The latest research news as of April 2011:

Reactivated virus may contribute to ALS

Autopsy samples have shown a viral protein called HERV-K reverse transcriptase is much more prevalent in ALS brain samples than in brain samples obtained from people who died of other causes.

Although viruses like HERV-K normally lie dormant in the human genome and don’t replicate, it appears that HERV-K may reactivate in people with ALS. Much of the human genome is made up of pieces of viral genomes, and it’s likely the HERV-K genome inserted itself into the human genome many generations ago.
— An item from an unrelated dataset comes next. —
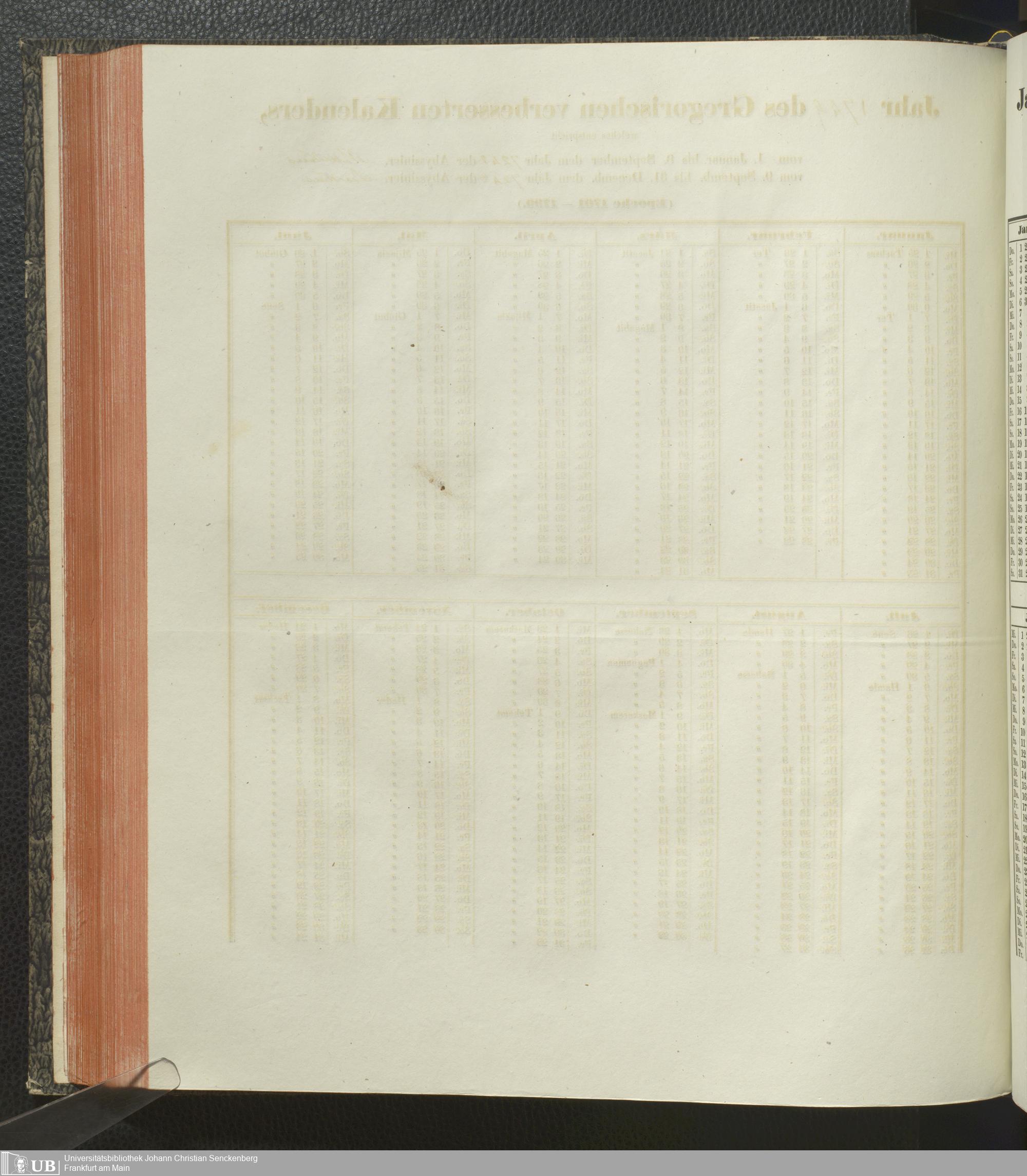 Ms. Ff. E. Rüppell IV - Kalender vom Jahr 1583 bis 1860, das heist seit der Einführung der durch Pabst Gregorius XIII verordneten Verbesserung, aus welchen Kalender die Gleichstellung dieser Zeitrechnung mit der von den Abyssiniern gebräuchlichen Chronologie ersehen werden kann; zum Behuf der geschichtlichen Forschungen der Abyssinischen Chroniken entworfen

Renee Douville at Johns Hopkins University in Baltimore, and colleagues, published the findings in the January 2011 issue of Annals of Neurology. Avindra Nath at Hopkins coordinated the study team, which included Jeffrey Rothstein, director of the MDA/ALS Center at Hopkins. The study was funded by the National Institutes of Health (NIH).

Investigators examined brain tissue from 28 people who died of ALS and compared it to brain tissue from 12 people who died from other chronic systemic illnesses; 12 who died with Parkinson's disease; and 10 who died from accidents or other causes without any pre-existing systemic illness.

They found that the brains of those who died of ALS had significantly higher levels of the viral protein HERV-K reverse transcriptase than did samples from any of the other groups, and that the protein was located in specific areas of the brain known to be affected in ALS. Also, the viral protein was found in the same areas as another protein, TDP43, overproduction of which has been implicated in ALS pathology.

The unusual activation of HERV-K suggests that this virus could be part of the problem in sporadic ALS, the most common form of the disease and one for which the cause is unknown. Sporadic ALS accounts for 90 to 95 percent of cases, with familial (inherited) ALS accounting for the other 5 to 10 percent.

Previous studies have found reverse transcriptase in ALS patients’ serum, but they have not been tied to production by a specific onset of viral genetic instructions, as has this protein.

The findings open new possibilities for therapeutic targets in ALS, such as silencing the viral genetic instructions or the proteins made from these instructions. Further studies are needed to clarify the role of HERV-K reverse transcriptase (and perhaps other viral proteins) in the nervous system, and whether blocking them would be helpful.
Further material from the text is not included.